YOUR OBJECTIVE: Exclude every picture. Output verbatim the lines from the one containing "A light blue" to the end of the data.

Extracted records:
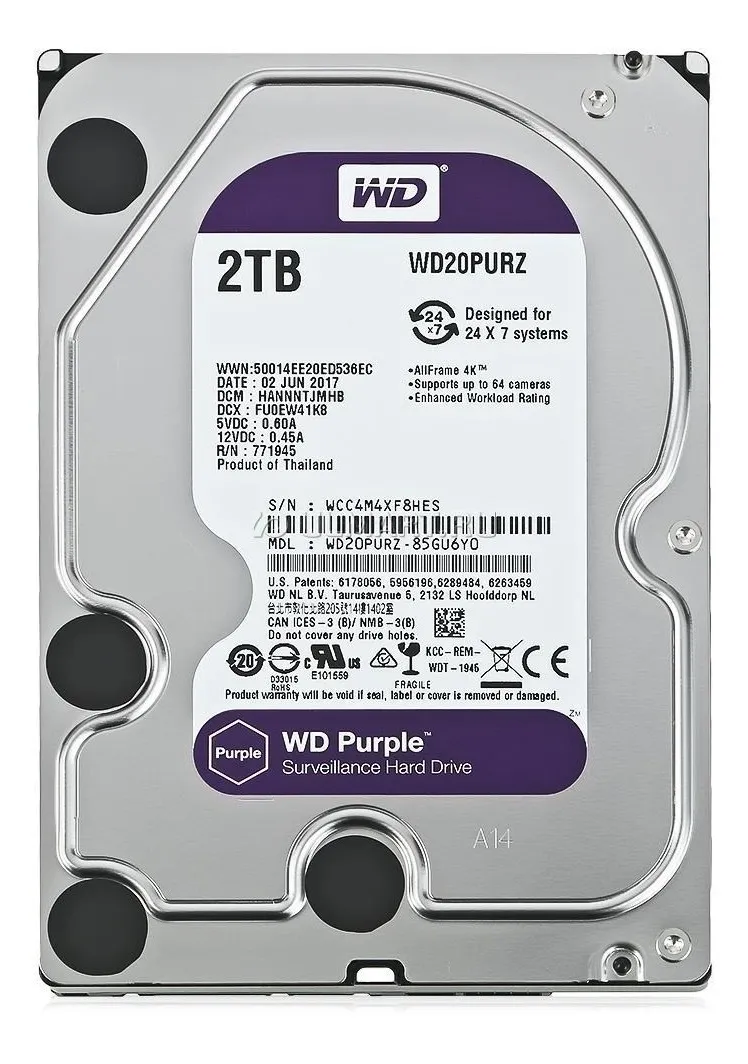 DISCO DURO WD PURPLE 2TB PARA DVR / NVR DE VIGILANCIA
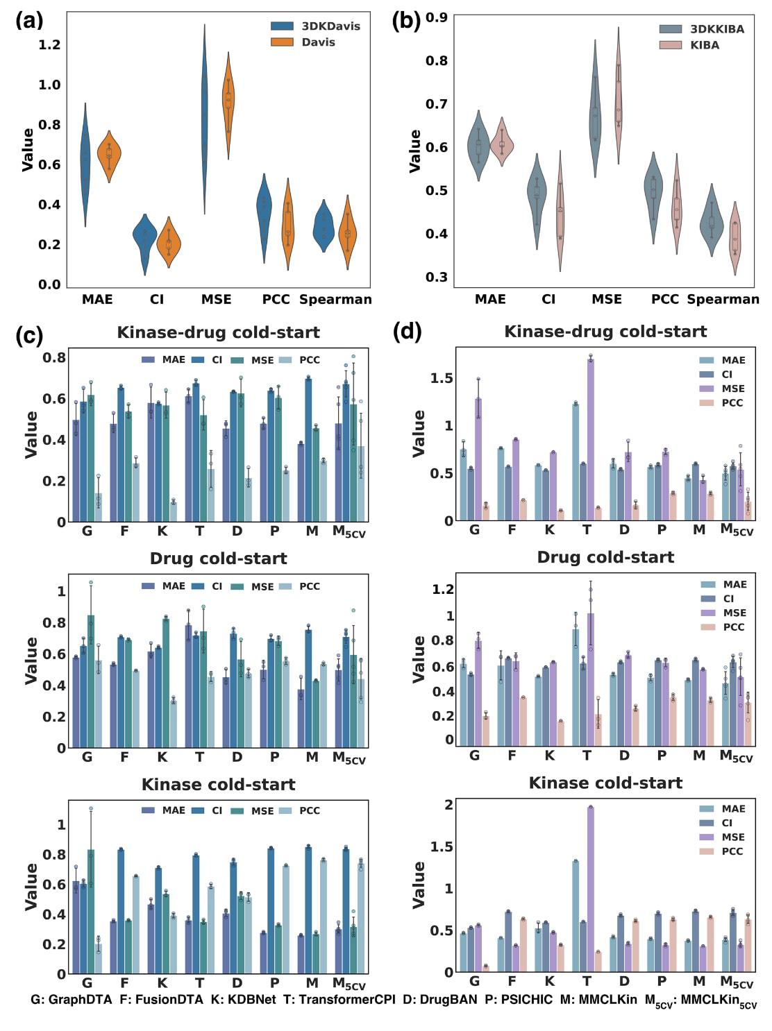首先利用仅包含激酶序列与药物SMILES的原始Davis与KIBA数据集,通过序列模型ConPLex对比评估构建的3DKDavis与3DKKIBA数据集的实用性与质量。ConPLex基于预训练蛋白语言模型ProtBert对蛋白序列进行编码,并使用分子指纹表示药物,随后通过protein-anchor对比共嵌入策略将蛋白与药物映射至共享潜在空间,从而区分真实互作与非互作样本。图2a与2b展示了ConPLex在四个数据集上采用激酶–药物冷启动划分进行五次独立运行后的结果分布。结果显示,与原始数据集相比,ConPLex在3DKKIBA与3DKDavis上的五个指标均得到提升,尤其是在CI、PCC与Spearman系数上的显著改善,说明构建的数据集能够帮助模型更好捕获激酶–抑制剂的关键互作信息。
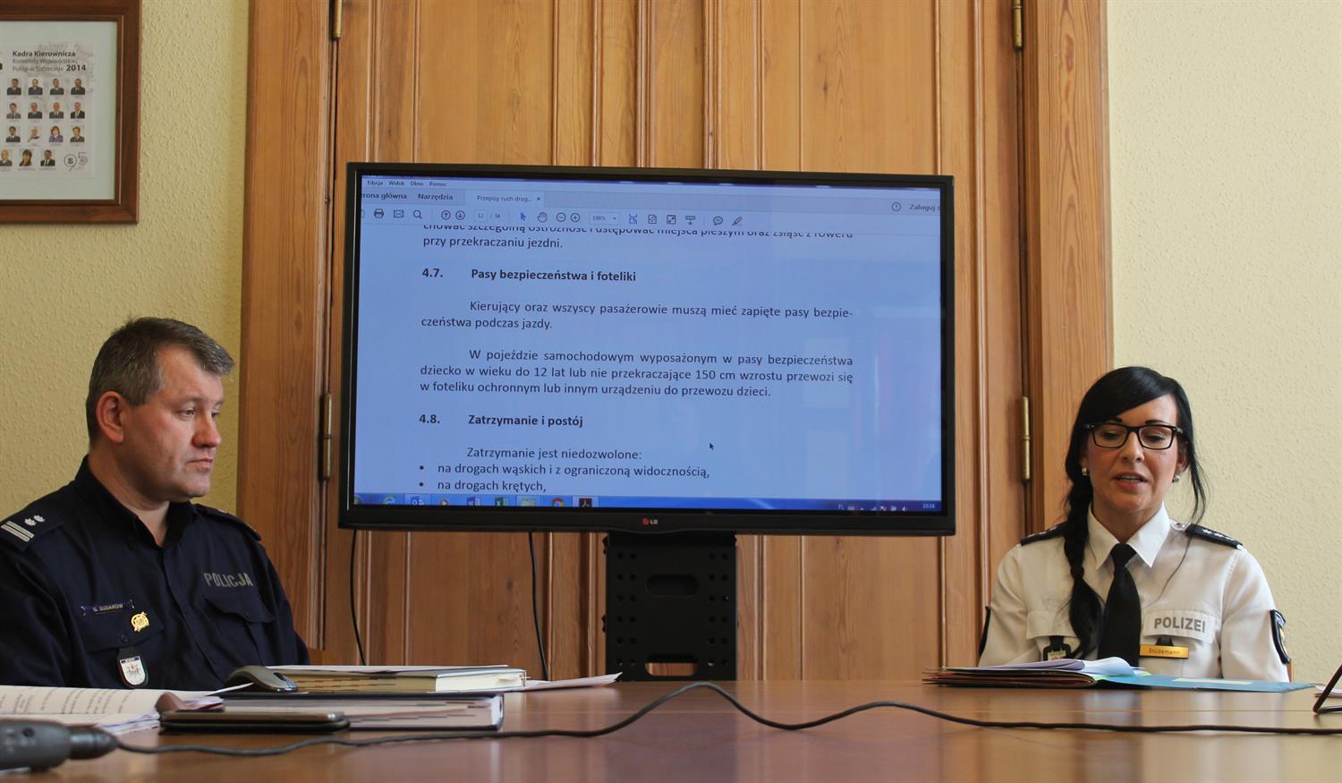 Na zdjęciu: Mł. insp. Grzegorz Sudakow z KWP w Szczecinie i Madeleine Stüdemann z policji drogowej w Neubrandenburgu.
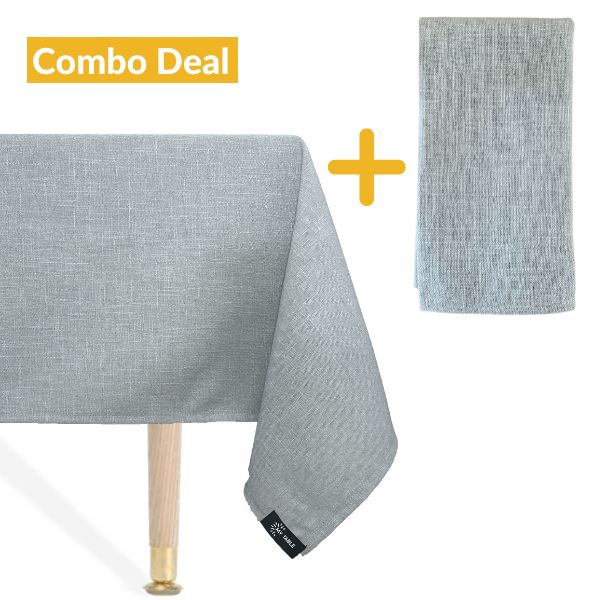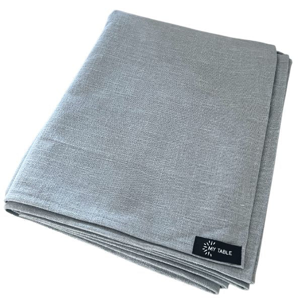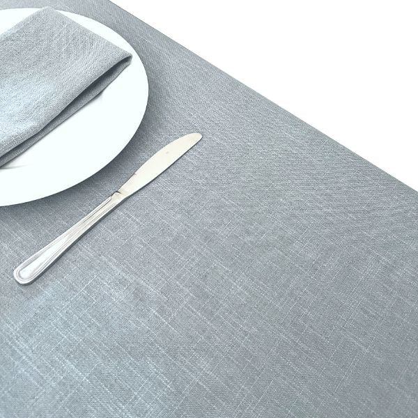 A light blue grey, stylish but subtle tablecloth, can be dressed up! This Linen Look fabric is stylish but sneakily very hardy & can take a bashing, perfect for dining.
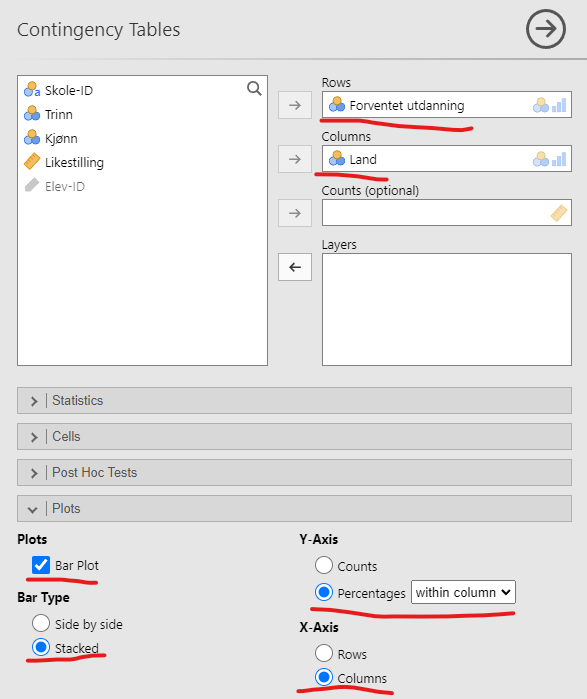 - Jeg legger inn Forventet utdanning på “Rows” og Land på “Columns”. Dette er smak og behag for hvordan tabellen “Contingency Tables”, som også genereres, blir seende ut.

WRITTEN SOLUTION:
 A light blue grey, stylish but subtle tablecloth, can be dressed up! This Linen Look fabric is stylish but sneakily very hardy & can take a bashing, perfect for dining.
 - Jeg legger inn Forventet utdanning på “Rows” og Land på “Columns”. Dette er smak og behag for hvordan tabellen “Contingency Tables”, som også genereres, blir seende ut.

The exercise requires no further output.